Well, i can't believe that it is now 12months since i first set foot in South Africa and the time just seems to have disappeared.
To me the country is what you want it to be. Yes, we can all talk about the poverty, corruption and other idiotic things taking place but i have found the other side of SA.

Strand may only be a small slice of the country but here people will greet me in the street, shop assistants will ask where i have got if i do not appear for some time, they are friendly people.

As for the countryside itself, quite stunning. I stand and look around and still find it impossible to really take in what i see. I have no regrets at leaving the UK and have not once looked back nor do i miss anything that i had there. So, to anyone coming here, just know that South Africa will steal your time and mind.


----------



## Daxk (Jan 20, 2008)

Funnily enough, you have exactly described my past 7 years in Ireland since I left SA.


----------



## perky (Mar 8, 2009)

Daxk said:


> Funnily enough, you have exactly described my past 7 years in Ireland since I left SA.


Hi Daxk.
Was not aware that you had left SA. Is the Euro crisis affecting you at all? Never been to Ireland but am told it is a beautifull place.


----------



## Daxk (Jan 20, 2008)

Hi Perky,
As to the Euro crises, if I was in my twenties and thirties, it would affect me, we are bleeding youth, degrees and talent, and that will bite us and is mostly Australia's gain.

on a personal level, had I rushed into buying a house when I first arrived and the Banks were throwing money at you, I would have a problem down the road, but I figured the market was over heated and there would be a Rates increase which would correct the market.

I did not expect a Tsunami that would reduce house prices lower than SA but am very grateful for it.

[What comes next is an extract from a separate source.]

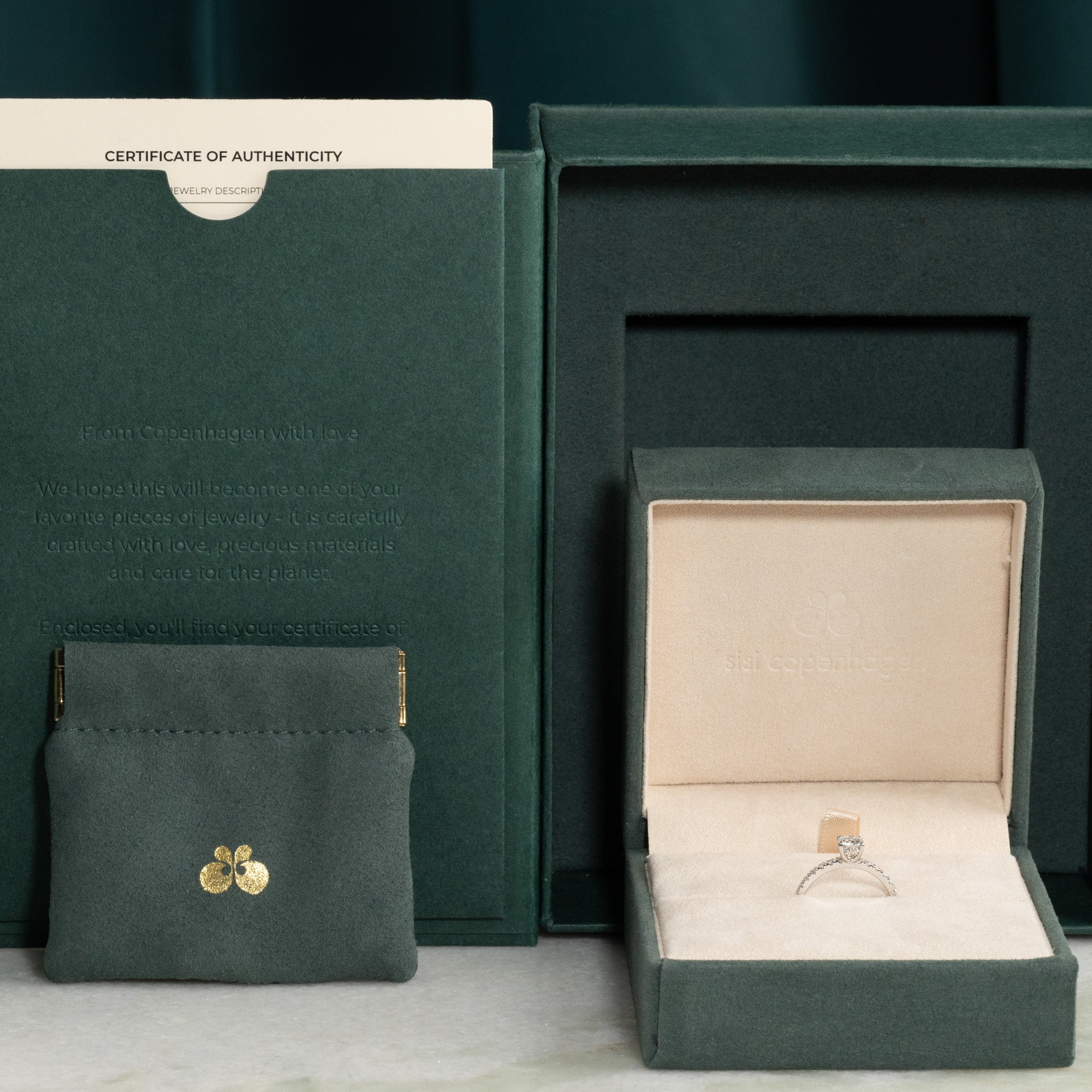 Når du mottar smykket, vil det være i vår gaveeske, bundet med et vakkert matchende silkebånd, klar til å gis som gave. Inne i esken finner du en smykkeboks, en pose og et ekthetsbevis.

The Populace do not seem to be overly affected,we have 14.8% unemployment, which includes about 3% that would never and have never worked, milk is still cheaper than Coca cola and every fridge has more coke than milk, my child goes to a very good private High School that costs me ZAR2500 a year and both my niche businesses are growing.
and at 61 thats a lot to be grateful for.

Ireland IS stunningly beautiful, weather is, as they say in SA, Kak if you expect predictable sunshine ,but people seem to work around it.
The choice I have when I get teased about the weather by my Sarf Effrican friends, is wether to carry an umbrella or a gun.. lol


----------



## African Irishman (Jul 23, 2012)

Daxk said:


> "The Populace do not seem to be overly affected"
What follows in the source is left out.